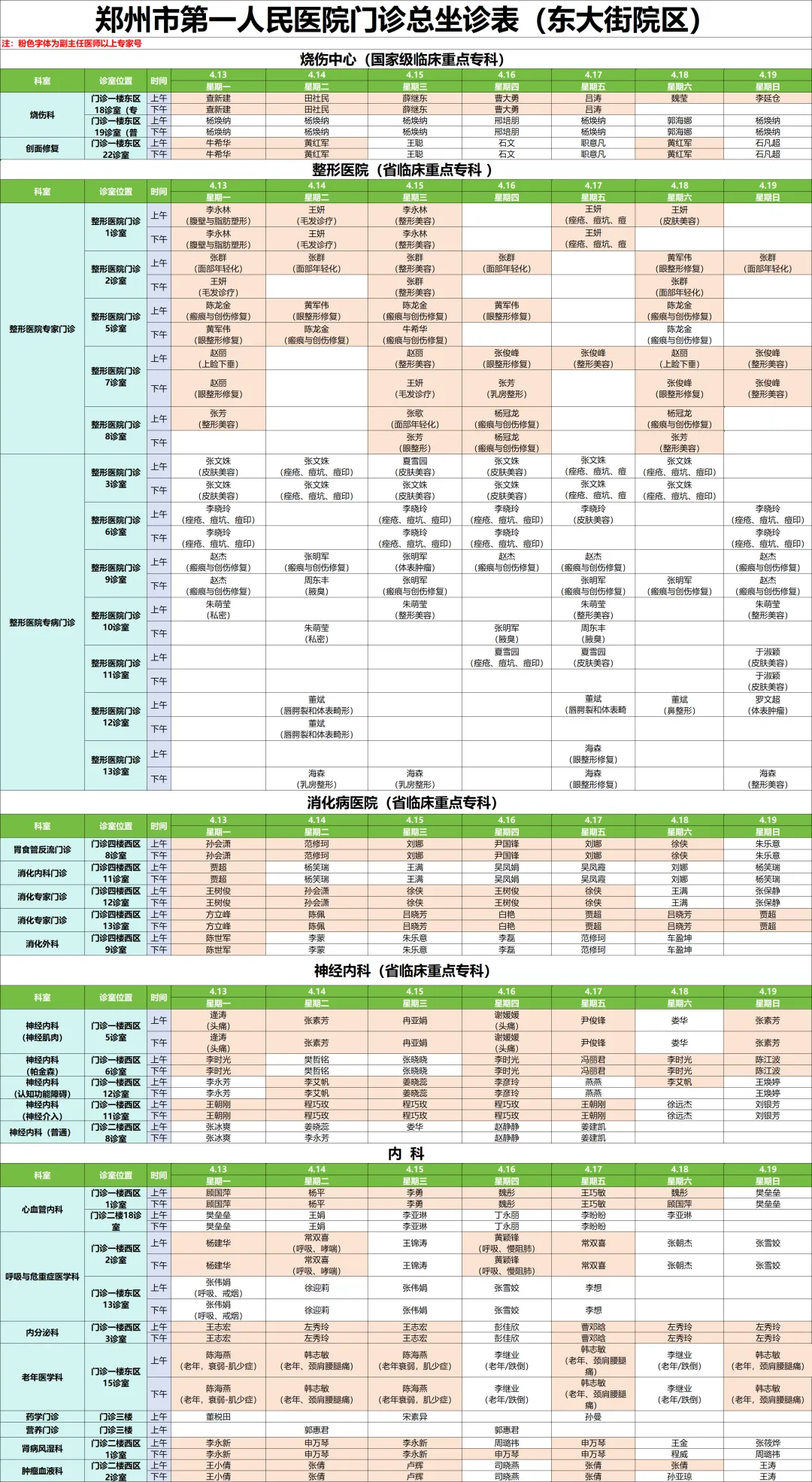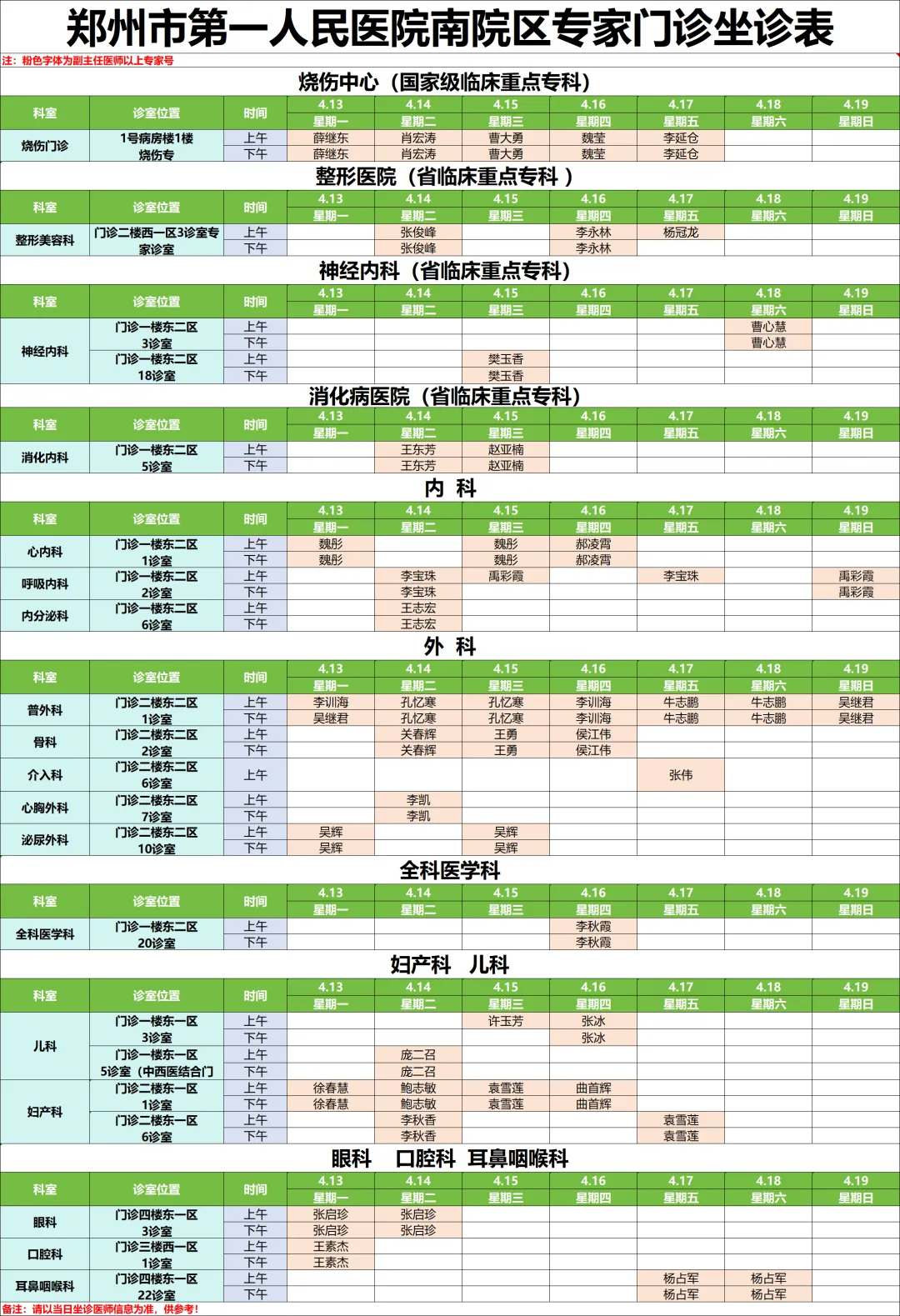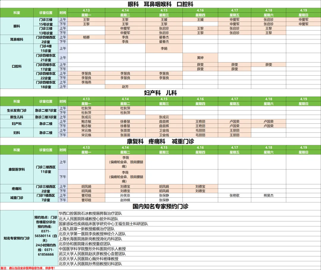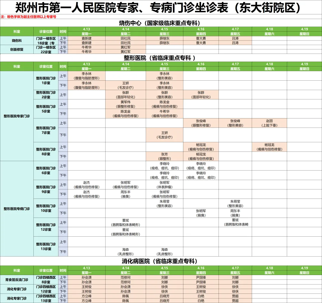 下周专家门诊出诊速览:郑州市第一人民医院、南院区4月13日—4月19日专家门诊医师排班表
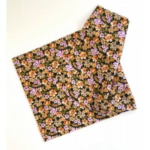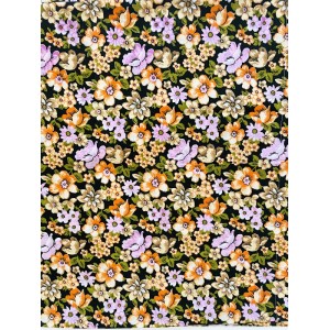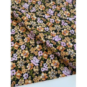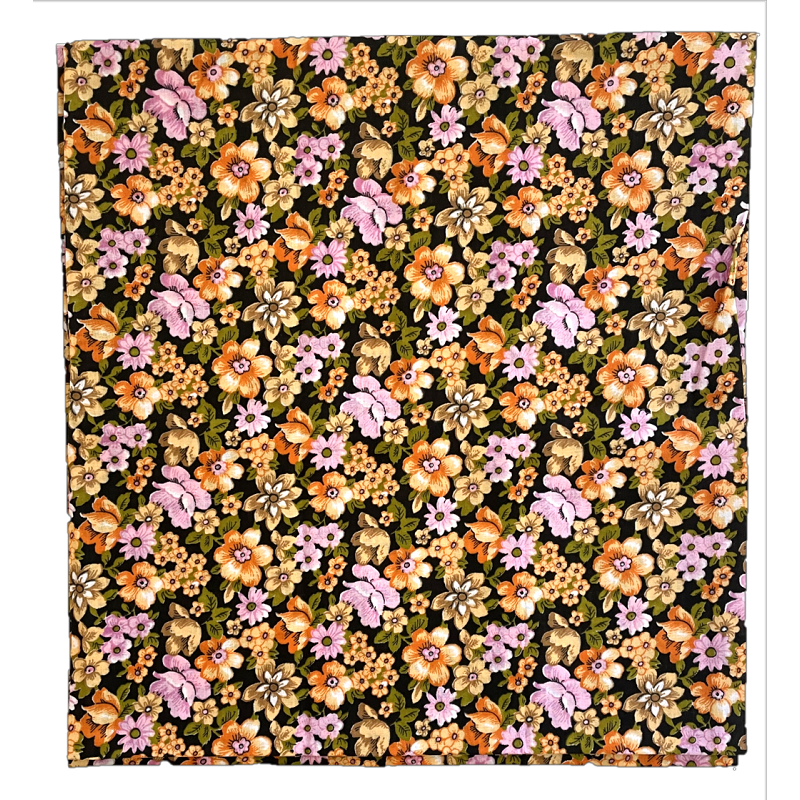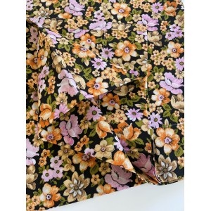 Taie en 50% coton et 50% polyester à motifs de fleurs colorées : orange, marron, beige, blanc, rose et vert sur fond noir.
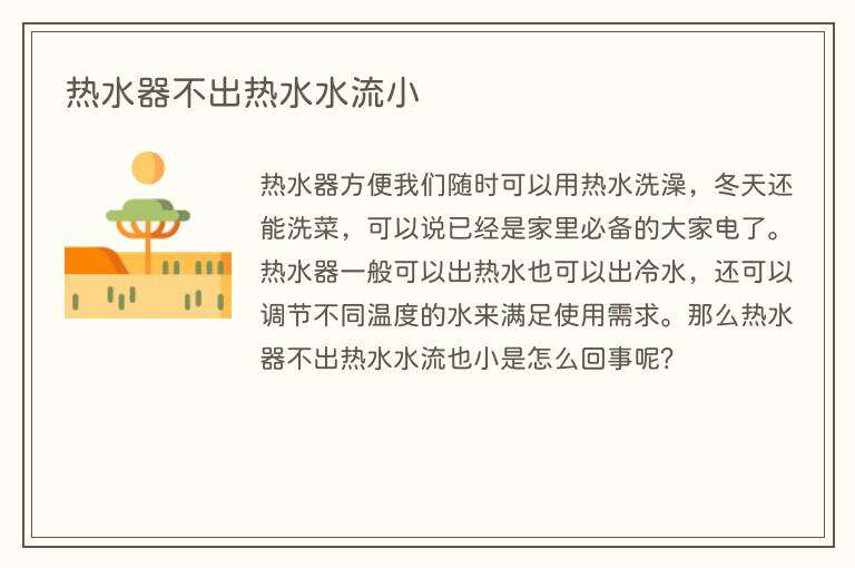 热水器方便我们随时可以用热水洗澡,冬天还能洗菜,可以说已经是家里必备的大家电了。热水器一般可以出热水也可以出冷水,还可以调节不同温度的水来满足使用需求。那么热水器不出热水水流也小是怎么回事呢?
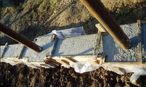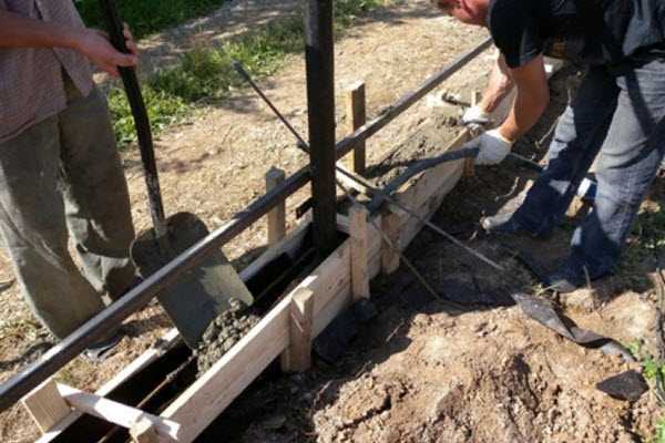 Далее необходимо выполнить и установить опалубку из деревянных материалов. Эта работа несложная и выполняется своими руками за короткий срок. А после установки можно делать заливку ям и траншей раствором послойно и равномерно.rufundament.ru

--------------------------------

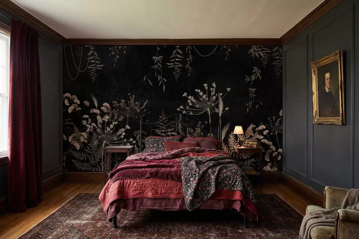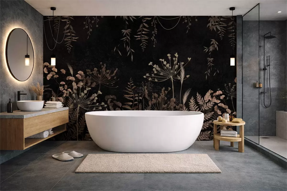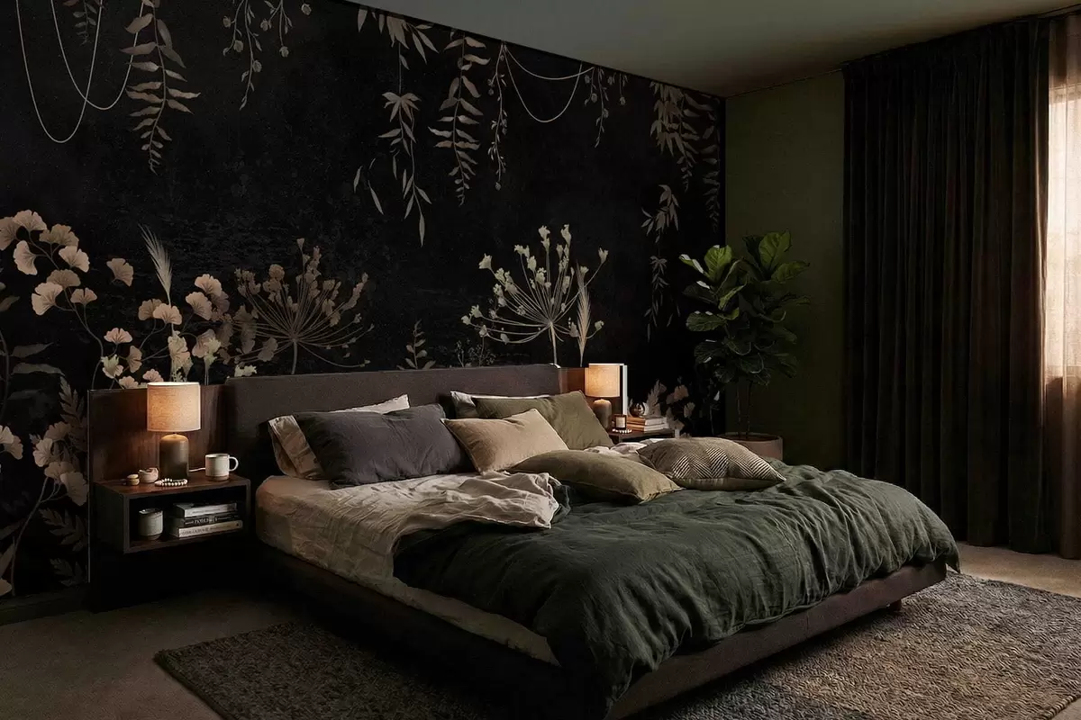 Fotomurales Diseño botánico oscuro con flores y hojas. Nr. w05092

--------------------------------

Return only the stretch above from the line containing "Taie en 50%" through the line containing "Далее необходимо выполнить", word for word and without pictures.

- _Solution to this task_:
 Taie en 50% coton et 50% polyester à motifs de fleurs colorées : orange, marron, beige, blanc, rose et vert sur fond noir.
 热水器方便我们随时可以用热水洗澡,冬天还能洗菜,可以说已经是家里必备的大家电了。热水器一般可以出热水也可以出冷水,还可以调节不同温度的水来满足使用需求。那么热水器不出热水水流也小是怎么回事呢?
 Далее необходимо выполнить и установить опалубку из деревянных материалов. Эта работа несложная и выполняется своими руками за короткий срок. А после установки можно делать заливку ям и траншей раствором послойно и равномерно.rufundament.ru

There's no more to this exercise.